Grim glanced over, and his face looked like his name. “No clue,” he mumbled again, but Cedro was a liar, after all, and he could spot another one.

“What do you do, other than roll around in your own vomit?” Cedro asked.

Another rattly cough. “A little bit of everything.”

A little bit of everything. Which probably meant he took money from anyone who was desperate enough to pay an old drunk for his services. “Do you take people into the desert?” He refused to say help. Help was hardly ever what came to those who let someone else guide them out into that brutal place where even fewer laws existed than in the town where he lived.
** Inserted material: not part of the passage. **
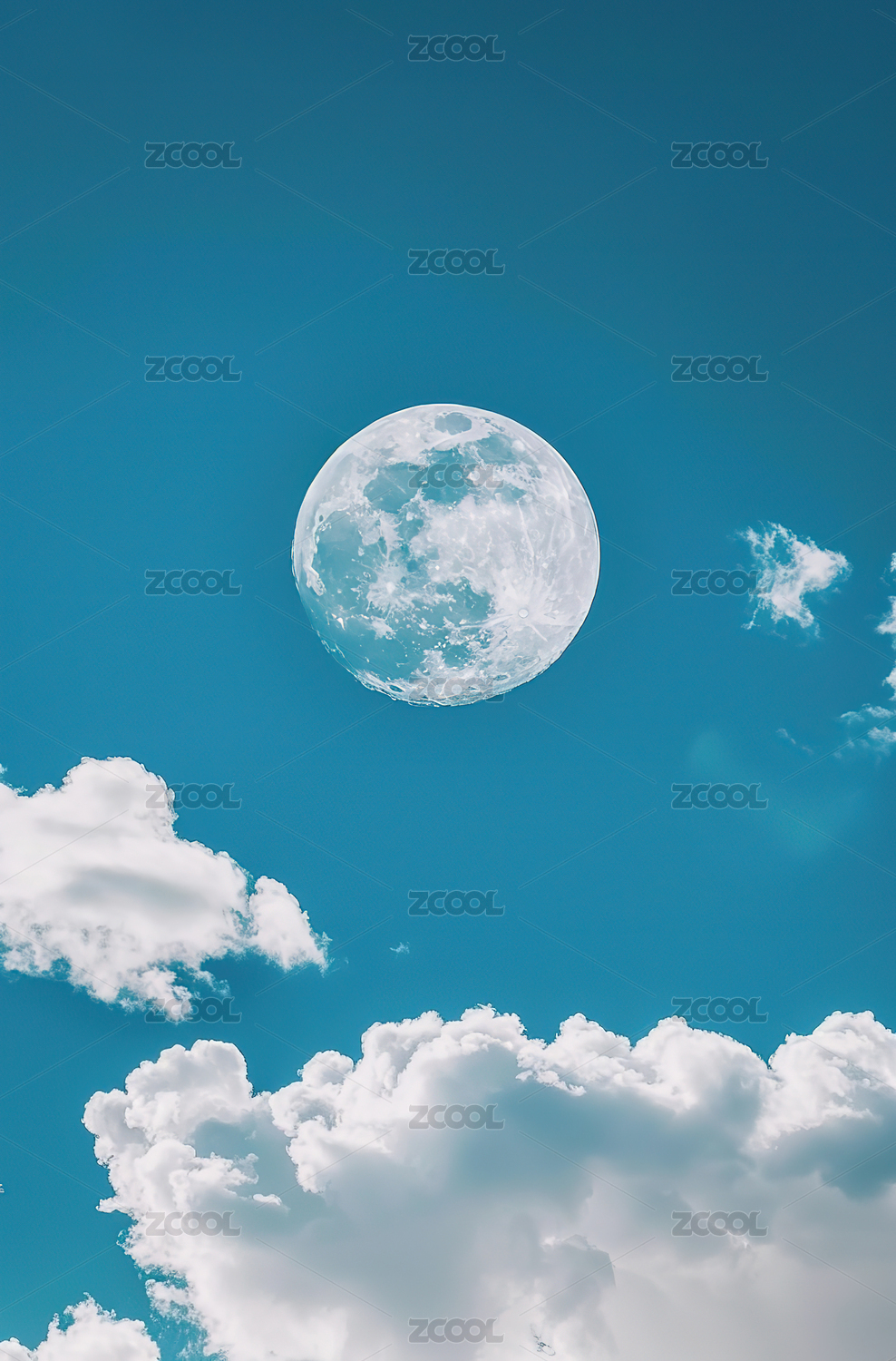 满月高悬于云层之间

“Sometimes,” he said. “I help those who can pay for it.”

“Help? Or use?”

“Look who’s talking, pickpocket.”

Cedro startled when the door directly in front of their cages slid open and a man walked through. He had a receding hairline and greasy black hair that fell past his shoulders. Cedro crawled quickly on his knees to the front of his cage. “Hey, mister. Let us out of here. Please. I don’t have anything you want. I’m an orphan. No parents, not a dime to my name. I sell vegetables on the street, just enough to feed myself. Please.”